There were some limitations in this study. First, this was a cross-sectional study, but it was nested within a longitudinal prospective Chinese CD cohort [50], which to some extent eliminates possible confounding factors to further understand and validate the dynamic changes of gut microbiota during natural CD processes, and to develop suitable microbial biomarkers for early diagnosis. However, it should be pointed out that the Paris’s definition of early CD is a disease stage defined to optimize treatment strategies [22], which can only partly reflect the early stage of the disease course. Therefore, it is necessary to capture CD patients at an earlier stage or preclinical or even biological stage to truly reveal the natural history of CD through prospective follow-up cohort studies, and establish a biobank to disclose the dynamic changes and roles of gut microbiota in the pathogenesis and disease progression of CD. Second, the sample size of the current study was relatively small, further large-sample multi-omics studies were needed to clarify the potential mechanisms and pathways of gut microbiota imbalance involved in the occurrence and development of CD in order to provide a basis for updating the prevention and treatment strategies of CD. Third, this study only analyzed the fecal flora which was similar to the mucosal associated flora of patients with CD [8]. More tests for analyzing the intestinal mucosal associated flora are needed to further elucidate the role of gut microbiota in the biologic onset or early clinical stage of CD. Furthermore, despite the widespread use of the 16s rDNA sequencing method, it was often challenged that use of different sequence processing pipelines may bring ambiguous results, such as different alignment methods, OTU binning procedures, different kits used to extract DNA, the 16S rDNA regions amplified, and reference databases, etc. [51]. Recently, discussions of standards and pipelines have helped researchers improve the data quality, such as the standard for human fecal sample processing [52], normalization strategies for data characteristics [53] and the future use of metagenomic sequencing as a replacement. In this study, we have used the state-of-the-art pipeline to ensure the reliable interpretation of the 16S sequencing data, and we also look forward to more remarkable finding in our future studies with metagenomic sequencing and integrated multi-omics strategies.

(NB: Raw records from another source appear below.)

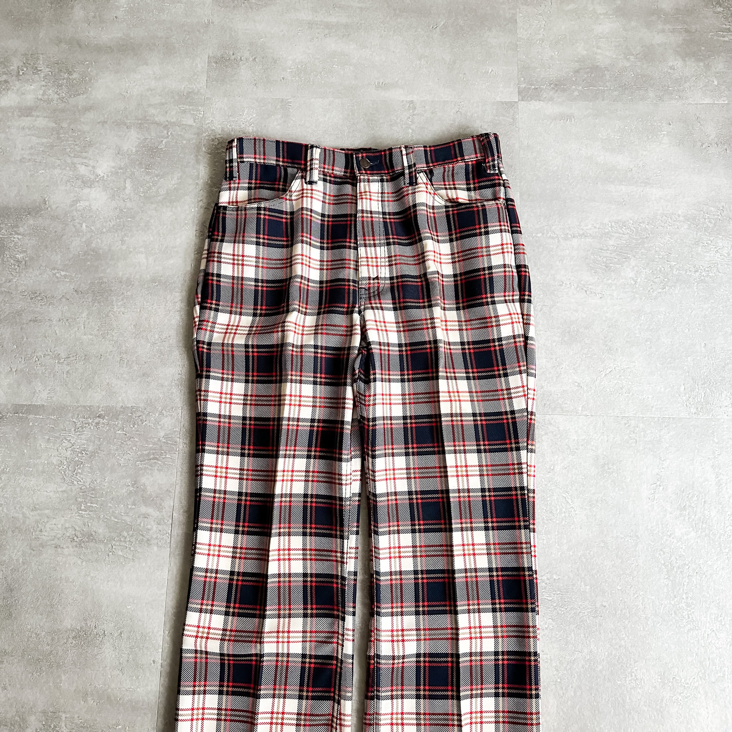 Vintage 1970's Levi's 546 BIG E "Gentleman's Jeans" plaid pattern flare pants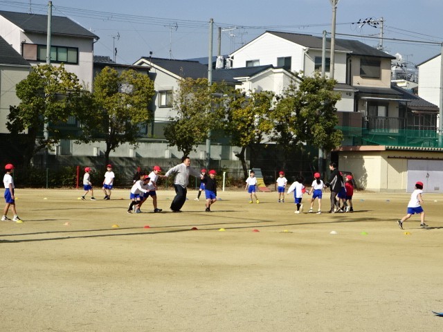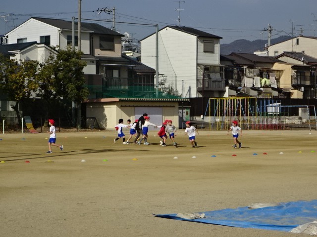 運動場で「おにあそび」をしました。先生も一緒になってみんなで元気に体を動かすことができました。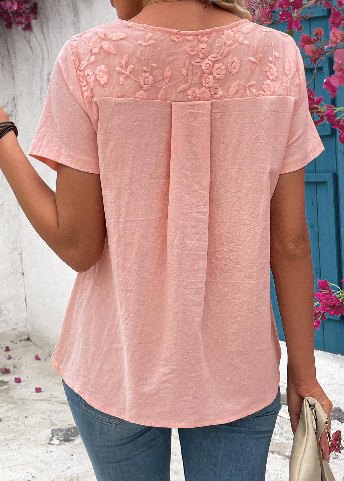 SALE Tuck Stitch Light Pink Short Sleeve Round Neck Blouse Rosewe®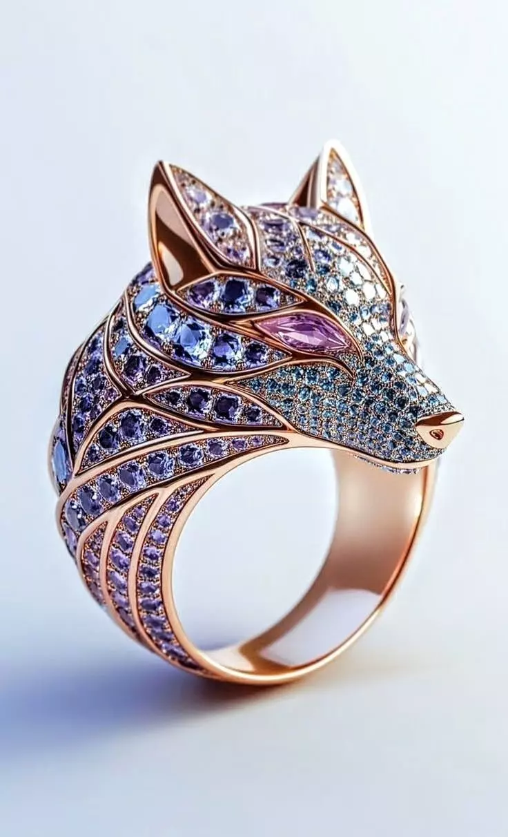 Ultra-realistic 3D model of a luxury fox ring, designed as a powerful and elegant digital asset that blends advanced craftsmanship with natural form. The figure features a sleek, streamlined body rendered in smooth, glossy rose gold material—resembling polished metal or composite resin—with contrasting blue and purple gemstones that highlight its robotic nature. Its head is elongated and angular, with glowing pink eyes that add a touch of life and intelligence to its expression.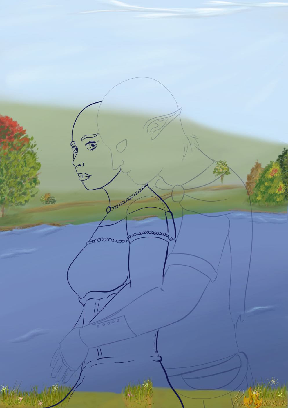 In other news, I’m pouting that the little tree behind Valeon is going to disappear. Darn pity that the drawing went this way.

Despite these limitations, the present study demonstrated that the progressive consumption of SCFAs producing bacteria during the course of CD significantly affects the functional metabolism, which is not conducive to the maintenance of intestinal epithelial integrity and the regulation of inflammatory response, and may be a potential factor of etiology in the early stage of CD. In addition, the progressive rise of opportunistic pathogens exacerbates gut dysbiosis during CD, which in turn affects disease progression.